Kurama mirabilis

Scientific classification
- Domain: Eukaryota
- Kingdom: Animalia
- Phylum: Arthropoda
- Class: Insecta
- Order: Lepidoptera
- Family: Drepanidae
- Genus: Kurama
- Species: K. mirabilis
- Binomial name: Kurama mirabilis (Butler, 1879)
- Synonyms: Xylina mirabilis Butler, 1879;

= Kurama mirabilis =

- Authority: (Butler, 1879)
- Synonyms: Xylina mirabilis Butler, 1879

Species of false owlet moth

Kurama mirabilis is a moth in the family Drepanidae. It was described by Arthur Gardiner Butler in 1879. It is found in Japan.

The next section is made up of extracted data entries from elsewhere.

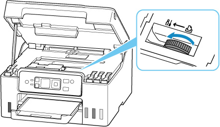 Закрийте чорнильний клапан, посунувши важілець чорнильного клапана ліворуч до зупинки.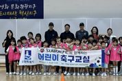 (비전21뉴스) 수원시 장안구 영화동은 지난 16일, 영화동 행정복지센터에서 수원FC와 함께하는 ‘어린이 축구교실 일일특강’을 진행했다. 이날 행사에는 수원FC선수단과 다함께돌봄센터 4호점 아동 25명이 참여해 수원FC 선수들에게 드리블, 패스, 슈팅 등 기초적인 축구 기술을 배우는 시간과 미니축구게임 등 즐거운 시간을 가졌다. 수업 이후에는 아이들이 평소 수원FC선수단에게 축구에 관해 궁금했던 질문을 할 수 있는 소통 시간을 마련하여 뜻깊은 기회를 제공했다. 이번 축구교실은 지역사회 아동의 건강한 성장과 긍정적인 정서 발달을 돕기 위해 마련됐으며, 마지막까지 선수들과 함께한 기념촬영으로 아이들에게 잊지 못할 추억을 선사했다. 추혜경 영화동장은 “평소 영화동에는 어린이를 위한 프로그램이 부족했는데 수원FC 덕분에 우리의 미래인 아이들이 선수들과 즐겁게 뛰어놀며 협동심과 자신감을 가질 수 있는 특별한 경험을 할 수 있었다”며, “앞으로 영화동 아이들이 참여할 수 있는 더 많은 체험 프로그램을 열 수 있도록 노력하겠다”고 밝혔다.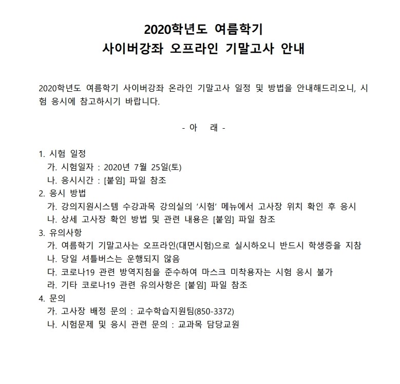 2020학년도 여름학기 사이버강좌 오프라인 기말고사 안내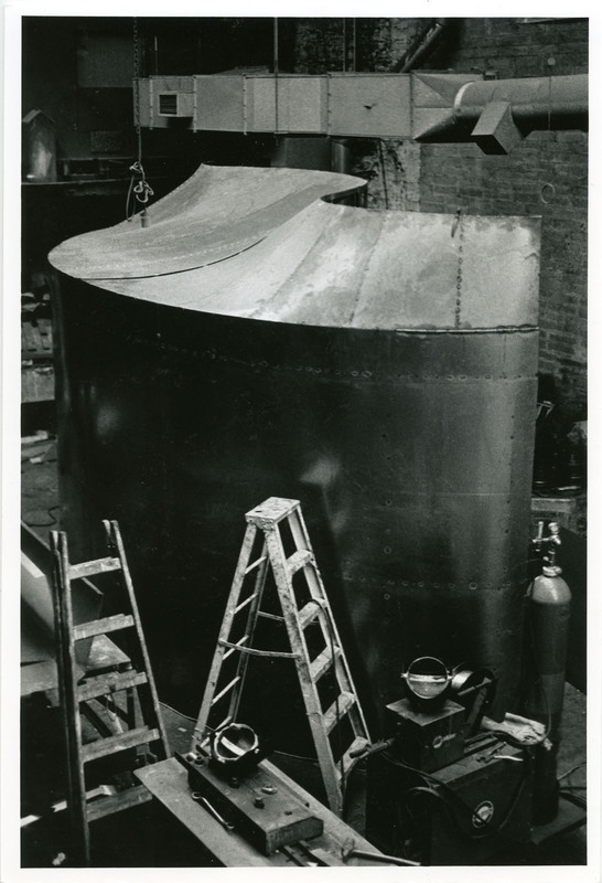 Black-and-white photograph of the workplace where the venue for Pan Pan Theatre Company's CITY was being constructed, based on designs by Andrew Clancey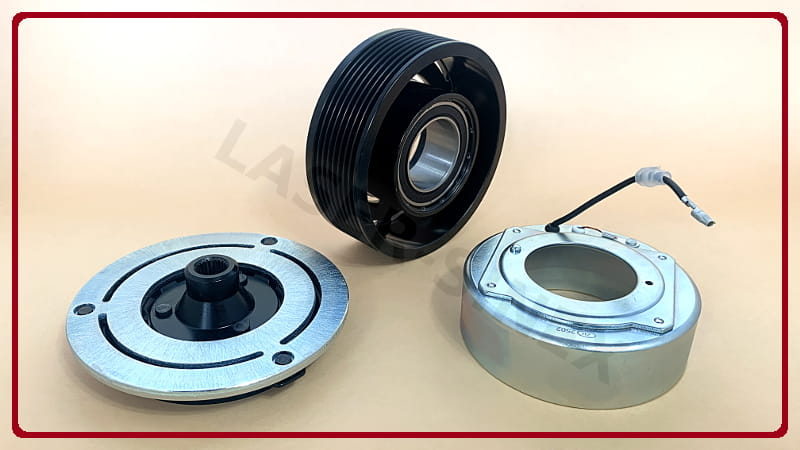 Sprzęgło elektromagnetyczne jest elementem składowym sprężarki klimatyzacji. Kompletny napęd sprężarki składa się z kola pasowego z łącznikiem sprzęgła, zabierak (tarcza sprzęgła) oraz elektromagnes (cewka sprzęgła). Koło sprzęgła napędzane jest paskiem napędowym odchodzącym od silnika samochodu. Sprzęgło sprężarki za pomocą cewki elektromagnetycznej, umieszczonej w kole pasowym sprzęgła, powoduje włączenie i rozłączenie kompresora, we właściwych momentach pracy układu chłodzącego.

The wingspan is 34–44 mm. The costal half of the forewings is pearly white and the internal half pale bronzy brown. There is a black spot at the base of the interno-median interspace and an oblique dark brown fasciole from the costal margin to the median vein at the basal fifth. The costa beyond this fasciole is dark brown and there is a slightly oblique longitudinal brown stripe from the apex to just beyond the cell, where it joins a slender, postmedian, irregular, transverse line. A similar line is found from the interior extremity of the subbasal fasciole and there is a maculated, white-edged, dark brown submarginal line, as well as a very indistinct transverse line between the latter and the discal line. There is also a dark brown marginal crenulated line and a black spot at the end of the cell. The hindwings are white, with a pale brownish outer border.